- [TASK DETAILS]:
Output exactly the lines below, starting with the line that has "Adorable short white" and going on through the line that has "(a) Krypton LMM", both included, and no other lines.

- [INFORMATION]:
##############################

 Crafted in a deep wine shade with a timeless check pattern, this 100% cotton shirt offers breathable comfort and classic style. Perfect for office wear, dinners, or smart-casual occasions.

##############################

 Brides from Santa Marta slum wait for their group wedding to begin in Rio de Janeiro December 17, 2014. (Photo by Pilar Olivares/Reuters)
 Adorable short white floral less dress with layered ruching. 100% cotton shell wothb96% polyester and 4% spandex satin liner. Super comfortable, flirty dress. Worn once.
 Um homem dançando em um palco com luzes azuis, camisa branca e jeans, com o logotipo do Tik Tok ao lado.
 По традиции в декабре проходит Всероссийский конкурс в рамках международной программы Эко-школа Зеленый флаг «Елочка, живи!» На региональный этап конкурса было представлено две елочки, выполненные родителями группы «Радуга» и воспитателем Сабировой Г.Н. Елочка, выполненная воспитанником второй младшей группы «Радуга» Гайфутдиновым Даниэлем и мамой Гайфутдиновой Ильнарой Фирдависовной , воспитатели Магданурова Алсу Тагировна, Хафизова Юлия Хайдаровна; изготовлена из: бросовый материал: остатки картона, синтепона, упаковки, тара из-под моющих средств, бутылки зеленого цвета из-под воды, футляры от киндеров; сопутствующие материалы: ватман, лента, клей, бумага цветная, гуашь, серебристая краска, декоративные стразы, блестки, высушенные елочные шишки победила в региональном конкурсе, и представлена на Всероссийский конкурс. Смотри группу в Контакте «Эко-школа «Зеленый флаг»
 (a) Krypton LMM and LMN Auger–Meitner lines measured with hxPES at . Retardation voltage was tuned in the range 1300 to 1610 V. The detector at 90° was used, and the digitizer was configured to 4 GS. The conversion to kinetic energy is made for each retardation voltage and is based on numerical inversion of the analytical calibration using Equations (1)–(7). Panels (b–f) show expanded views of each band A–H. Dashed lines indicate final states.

##############################

- [WRITTEN ANSWER]:
 Adorable short white floral less dress with layered ruching. 100% cotton shell wothb96% polyester and 4% spandex satin liner. Super comfortable, flirty dress. Worn once.
 Um homem dançando em um palco com luzes azuis, camisa branca e jeans, com o logotipo do Tik Tok ao lado.
 По традиции в декабре проходит Всероссийский конкурс в рамках международной программы Эко-школа Зеленый флаг «Елочка, живи!» На региональный этап конкурса было представлено две елочки, выполненные родителями группы «Радуга» и воспитателем Сабировой Г.Н. Елочка, выполненная воспитанником второй младшей группы «Радуга» Гайфутдиновым Даниэлем и мамой Гайфутдиновой Ильнарой Фирдависовной , воспитатели Магданурова Алсу Тагировна, Хафизова Юлия Хайдаровна; изготовлена из: бросовый материал: остатки картона, синтепона, упаковки, тара из-под моющих средств, бутылки зеленого цвета из-под воды, футляры от киндеров; сопутствующие материалы: ватман, лента, клей, бумага цветная, гуашь, серебристая краска, декоративные стразы, блестки, высушенные елочные шишки победила в региональном конкурсе, и представлена на Всероссийский конкурс. Смотри группу в Контакте «Эко-школа «Зеленый флаг»
 (a) Krypton LMM and LMN Auger–Meitner lines measured with hxPES at . Retardation voltage was tuned in the range 1300 to 1610 V. The detector at 90° was used, and the digitizer was configured to 4 GS. The conversion to kinetic energy is made for each retardation voltage and is based on numerical inversion of the analytical calibration using Equations (1)–(7). Panels (b–f) show expanded views of each band A–H. Dashed lines indicate final states.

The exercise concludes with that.